- **WHAT TO WORK ON**
Print the records below exactly, with no pictures.

▼

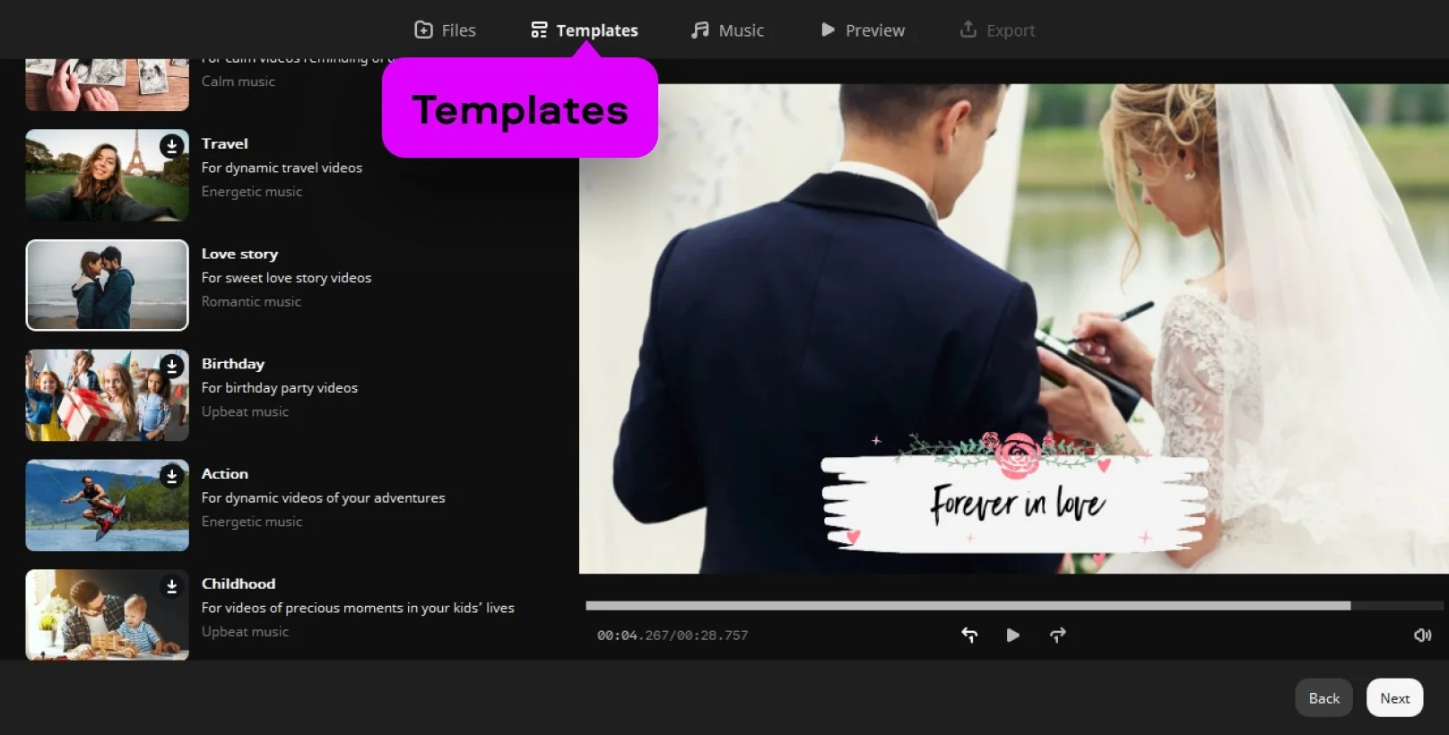 Weddings are stressful enough without adding to it with your slideshow software. Look for an intuitive interface featuring drag-and-drop editing, multiple pre-designed templates, and built-in music. If you can import your photos, pick a theme, and see the results in less than ten minutes, you're in good hands. Whether you’re learning how to make a wedding slideshow with music for the first time or you’ve done it before, ease of use makes all the difference.
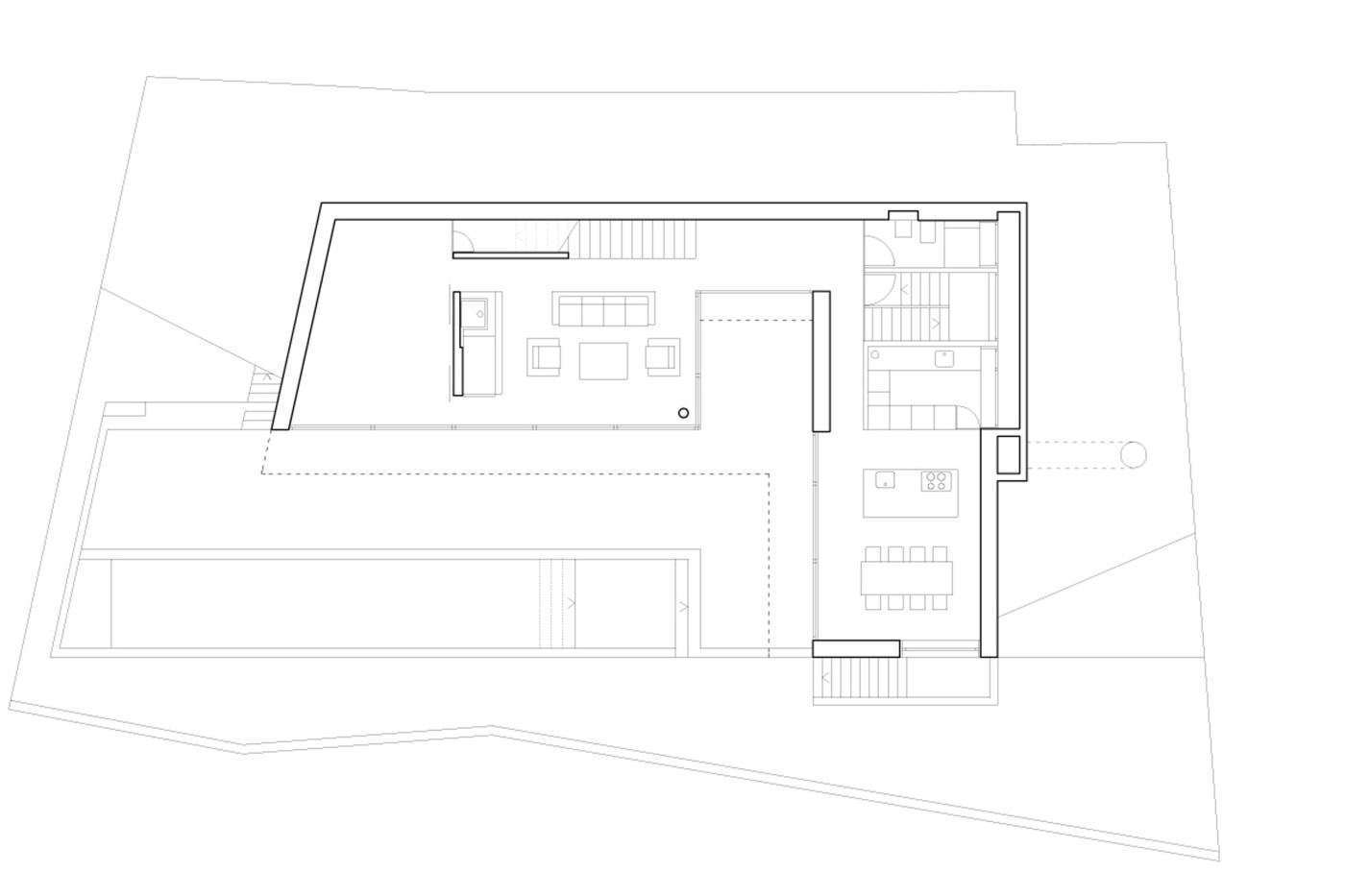 Durch die introvertierte Gebäudeform, die sich um einen schmalen, langen Swimmingpool winkelt, wird das Private der Wohnräume betont, gleichzeitig fokussiert die Öffnung das Panorama der umgebenden Berge mit dem See. Die Villa am See hat keine direkte Anbindung an die Straße. Für das Auto hat es einen Stellplatz in einer Tiefgarage unterhalb, von hier nimmt man den Fußweg oder einen öffentlichen Aufzug. Die beiden Schenkel des Hauses, zwischen denen auf der obersten Ebene der Lichthof des Eingangs liegt, teilen das Massivhaus in zwei kommunizierende Volumen. Zunächst kommt man auf der privaten Ebene an.
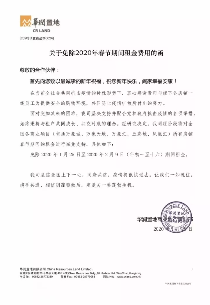 華潤(rùn)置地宣布免收1月25日—2月9日全國(guó)所有商業(yè)項(xiàng)目的租金,與商戶(hù)攜手共進(jìn)。
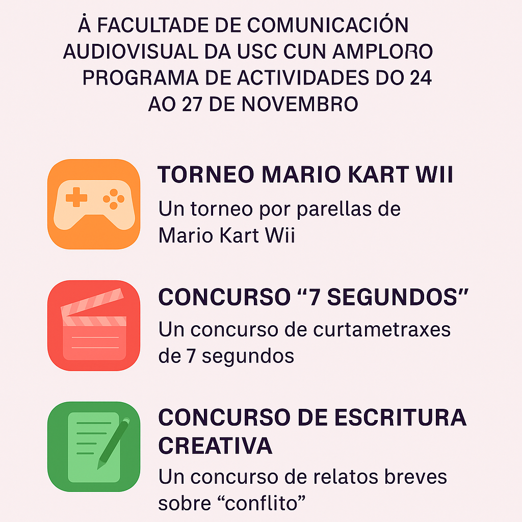 O estudantado de 4º de Comunicación Audiovisual da Universidade de Santiago de Compostela prepara unha nova edición do Facom Fest, que terá lugar do 24 ao 27 de novembro, recuperando así un encontro que pon o foco nas obras audiovisuais creadas en contextos educativos. O festival ofrecerá coloquios, conferencias e diversas propostas culturais, cuxos detalles se darán a coñecer ao longo das próximas semanas. Con todo, xa están en marcha as primeiras iniciativas abertas ao público: tres concursos orientados a promover a creatividade, o entretemento e a experimentación narrativa.
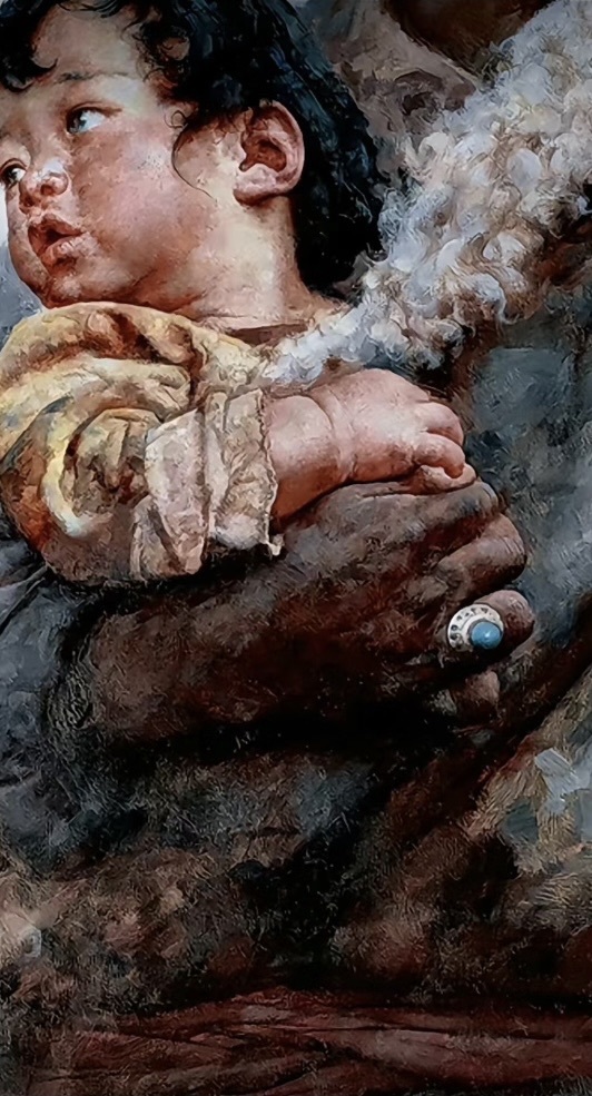 只见她悉心调色,颜料大胆地刷在画布上,再含蓄的调整,勾出五官,一幅油画的雏形便跃然纸上。
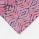 Fleece blanket with a striped pattern of painted diamond shapes in black on a pink background. The painted texture gives this blanket a tribal mud cloth appearance.
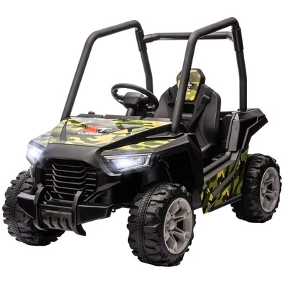 Adventure awaits with the Qaba ride in a car with a remote control! Tackle any terrain with big wheels and dual 12V motors, ensuring a thrilling off-road experience even on grass and gravel. Safety is key with a soft start and 3-point seat belt, plus the fun of a parent remote control. Ignite your child’s imagination with authentic features like USB music and LED lights.
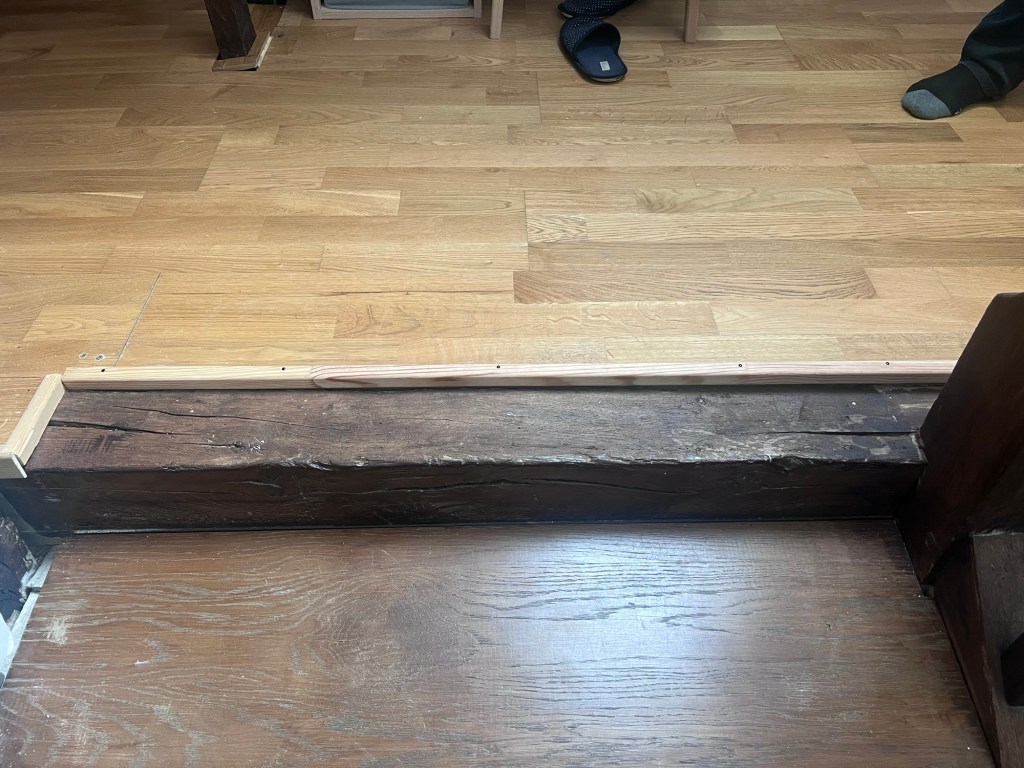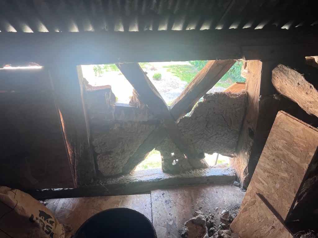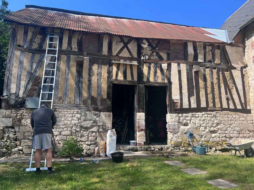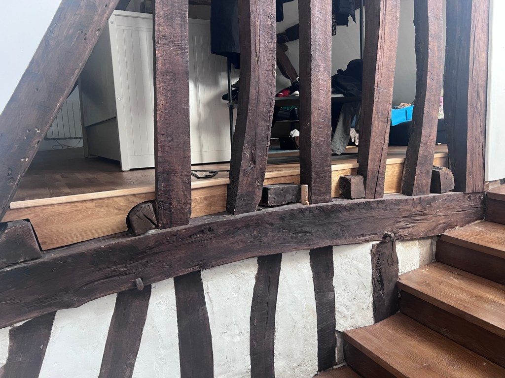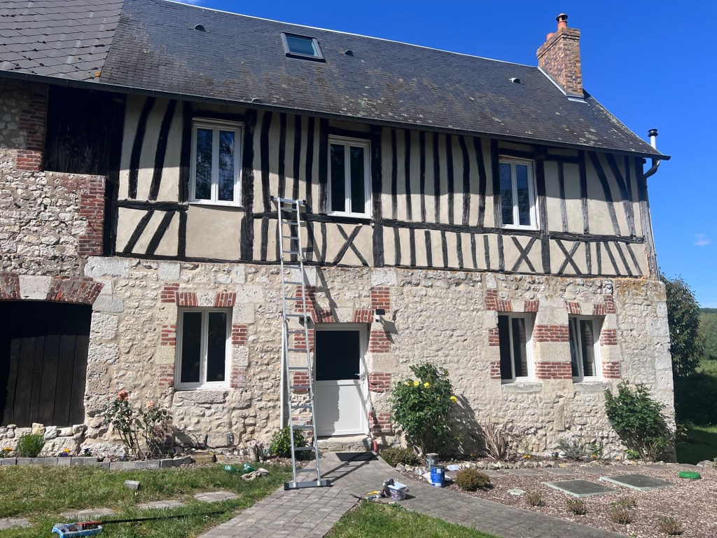We did a lot of painting to ensure all the wooden beams had a new coat of ‘dark oak’. We couldn’t do the back or left side as even with the tall new ladder we couldn’t reach.

▲

- **ANSWER TO THIS TASK**
 Weddings are stressful enough without adding to it with your slideshow software. Look for an intuitive interface featuring drag-and-drop editing, multiple pre-designed templates, and built-in music. If you can import your photos, pick a theme, and see the results in less than ten minutes, you're in good hands. Whether you’re learning how to make a wedding slideshow with music for the first time or you’ve done it before, ease of use makes all the difference.
 Durch die introvertierte Gebäudeform, die sich um einen schmalen, langen Swimmingpool winkelt, wird das Private der Wohnräume betont, gleichzeitig fokussiert die Öffnung das Panorama der umgebenden Berge mit dem See. Die Villa am See hat keine direkte Anbindung an die Straße. Für das Auto hat es einen Stellplatz in einer Tiefgarage unterhalb, von hier nimmt man den Fußweg oder einen öffentlichen Aufzug. Die beiden Schenkel des Hauses, zwischen denen auf der obersten Ebene der Lichthof des Eingangs liegt, teilen das Massivhaus in zwei kommunizierende Volumen. Zunächst kommt man auf der privaten Ebene an.
 華潤(rùn)置地宣布免收1月25日—2月9日全國(guó)所有商業(yè)項(xiàng)目的租金,與商戶(hù)攜手共進(jìn)。
 O estudantado de 4º de Comunicación Audiovisual da Universidade de Santiago de Compostela prepara unha nova edición do Facom Fest, que terá lugar do 24 ao 27 de novembro, recuperando así un encontro que pon o foco nas obras audiovisuais creadas en contextos educativos. O festival ofrecerá coloquios, conferencias e diversas propostas culturais, cuxos detalles se darán a coñecer ao longo das próximas semanas. Con todo, xa están en marcha as primeiras iniciativas abertas ao público: tres concursos orientados a promover a creatividade, o entretemento e a experimentación narrativa.
 只见她悉心调色,颜料大胆地刷在画布上,再含蓄的调整,勾出五官,一幅油画的雏形便跃然纸上。
 Fleece blanket with a striped pattern of painted diamond shapes in black on a pink background. The painted texture gives this blanket a tribal mud cloth appearance.
 Adventure awaits with the Qaba ride in a car with a remote control! Tackle any terrain with big wheels and dual 12V motors, ensuring a thrilling off-road experience even on grass and gravel. Safety is key with a soft start and 3-point seat belt, plus the fun of a parent remote control. Ignite your child’s imagination with authentic features like USB music and LED lights.
We did a lot of painting to ensure all the wooden beams had a new coat of ‘dark oak’. We couldn’t do the back or left side as even with the tall new ladder we couldn’t reach.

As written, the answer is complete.